I just realized something I forgot digging deeper into the code. Do you know if any calls to the UI to get a value within the thread (outside of an access() call) could cause an issue like this? Normally the values are read before any threads are executed just to be safe but in this case because of the complexities the components are sent in the thread to the report class and the specific child report instances each figure out what they need to read and so on. There’s some very compelling reasons to do it this way, and it’s never been an issue before, but now I’m wondering if maybe this could be causing the intermittent issue…
Adjusting the code is possible but it requires a good amount of effort. Therefore if you happen to know if you can or cannot safely read a GUI component in a thread that would be appreciated. I don’t remember seeing anything specific about this, it’s mostly about pushing rather than pulling the data from components.
UI.getCurrent() and VaadinSession.getCurrent() should return null, when called outside request thread.

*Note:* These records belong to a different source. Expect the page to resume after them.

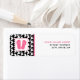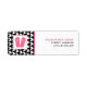 Etiqueta de endereço de retorno com ilustração de um par de chinelos cor-de-rosa à esquerda sobre um fundo houndstooth com caimento rosa. Personalize com seu nome e endereço à direita.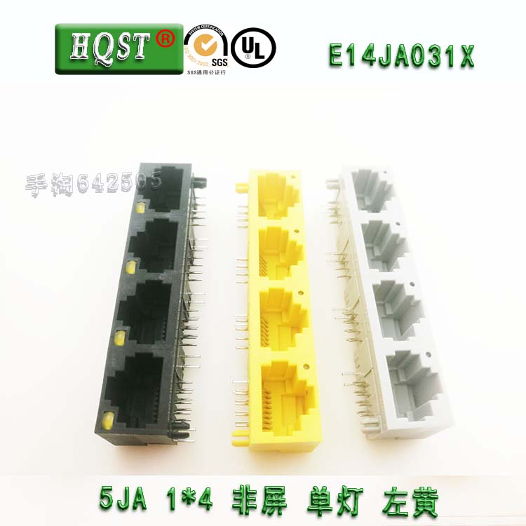 Este módulo conector RJ45 1 * 4 produto de 90 graus 5JA tipo longo de 15,75 mm, sem blindagem, com luz amarela esquerda única (pode ser personalizado), sem filtro de rede,Soquete de porta de rede com cabeça de cristal.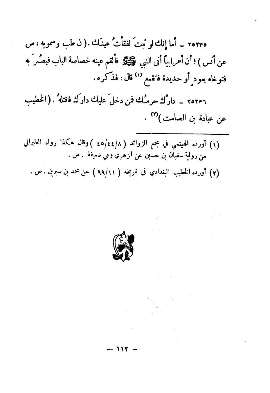 25236 -"دارك حرمك فمن دخل عليك دارك فاقتله". "الخطيب عن عبادة بن الصامت" 2
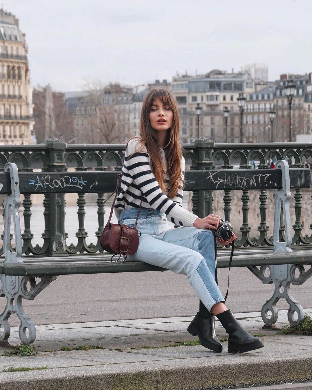Nếu diện mãi quần jeans với áo sơ mi trắng hay áo thun màu trung tính thì style của chị em sẽ nhàm chán, không có sự đột phá. Mara Lafontan thì không như vậy, cô khiến style của mình trở nên thú vị hơn bằng cách diện quần jeans với những items như là áo len tăm, áo kẻ ngang để tăng thêm phần trẻ trung, sành điệu. Vào mùa lạnh, chị em có thể học theo công thức mix đồ denim-on-denim hay combo quần jeans ống loe + áo cổ lọ và blazer đầy thời thượng, cool ngầu của Mara Lafontan.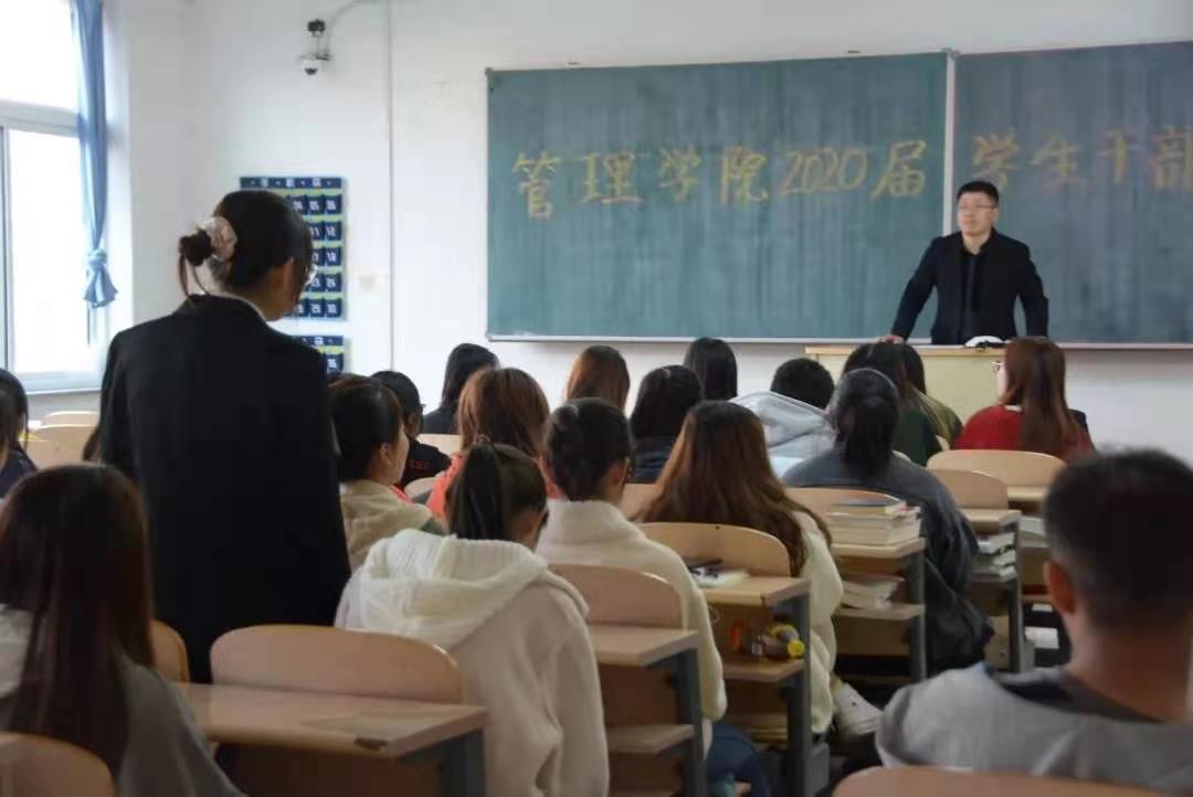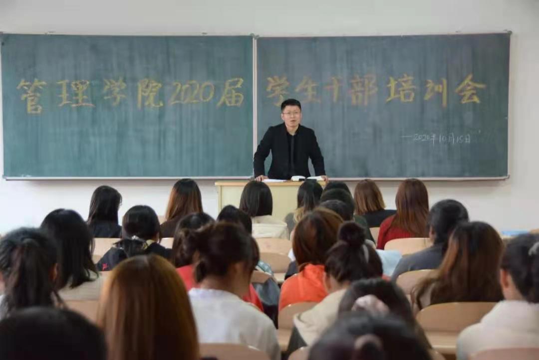 近期,管理学院完成了新一届学生会换届工作。为加强对新一届学生会干部的教育、培养和管理,加强学生会干部队伍的凝聚力、战斗力,提高学生会干部的整体素质,管理学院于10月15日举行了2020届学生干部培训会,学院党总支副书记凌正魁为新一届学生干部做集体培训。

I am usually advising against populating thread locals, instead use class field in view component to store UI reference and create thread aware update method in the view.
Something like this
And I am using utility method that takes care of error cases and logging accordingly
This allows me to isolate thread use in my Presenter and be UI agnostic.
Usually accessing any UI components outside (read or write) access is discouraged as any updates can cause them to missed. However, Java as usual. If they are your own components that you pass around and you know that they are thread-safe (have no side effects) it should not be problem reading data out from them.
This also seems to only happen in the production system (reverse proxy through apache) and works 100% when running locally.
I think the key observations are a) happens only in production and b) UI is ok after the next user event. That is why I don’t think it is related to the access-method. You should see those more consistently and in development.
Overall there should be an exception, but I’ve also seen happen on TCP level network issues when connection simply stalls, and we are back to system level timeout error (which is very long).
But now I noticed also that the DefaultErrorHandler ignores all the SocketException unless in debug mode.
Just to avoid confusion, the ui in ui.access() is referenced from outside the thread. Access to the components are done in a thread safe manner. That is to say the thread only reads from some components and writes to others. No component has both read and write.
The DefaultErrorHandler comment is interesting. Not that it would resolve the issue but it may help in debugging.
That being said I’m going to create a test app that tries to read a GUI component within a thread and then calls another GUI component through the ui.access() method and see if I can’t replicate it. The code won’t read and write to the same component, it’s more to see if reading can cause some kind of blocking on the write/push. I will follow up with what I find as soon as I have the chance.
Have you enabled server push for your app? That everything gets updated when you click on the screen could indicate that push is not enabled or not working (perhaps related to the reverse proxy)
Perhaps you’re calling UI.getCurrent() from a background thread: then UI.getCurrent() returns null and UI.getCurrent().access() throws a NullPointerException and perhaps the exception is not logged anywhere.
On a related note I’ve finally had the time to create some test code and I’m able to replicate the behavior, including locally. And consistently. I’m just in the process of cleaning up the code and once it’s done (isolate it further) I’ll submit a bug report as well as post it here.
That code works great locally, including a local deploy. But as soon as I put the app behind apache the push updates fail. However if I type anything in the TextField and then click anywhere outside an update is forced and everything updates all at once. Until I do this the page sits idle and no push updates work.
The production code is more involved, and I’ve tried to trim it down as much as possible. In productions the updates happen most of the time, in the GitHub sample code the push never works. For some reason that code is able to replicate the issue 100% of the time. Like I said I tried to trim it down to as little code as possible, which eventually got me to replicate it 100% of the time.
The only way to update the website is to use a GUI component. If it’s a ComboBox rather than a TextField then I just need to click anywhere in the ComboBox, I don’t even need to select anything, just click on the GUI component.
For my test both the application and Apache are running on the same server. I’ve tried to simplify things to isolate them as much as possible, so I’m avoid any connection issues between servers. I’ve also removed all non-essential configs in the test system. The app is running through a qa subdomain.
Below are the configs for just the qa subdomain. The main subdomain (www) has almost the same with the added SSLProxyEngine on and ProxyPreserveHost on settings in the test environment. Again I’m trying to pull everything out to keep it as simple as possible, so the test/qa system is very minimized.
<VirtualHost *:443>
# Include SSL certs, SSLEngine On, error log file, etc.
Include common-configs.conf
ProxyPreserveHost on
ProxyPass / http://localhost:8080/
ProxyPassReverse / http://localhost:8080/
# Adjusted for the actual values rather than the placeholders.
DocumentRoot /var/www/myDocumentRoot
ServerName qa.myDomain.com
ServerAlias qa.myDomain.com
</VirtualHost>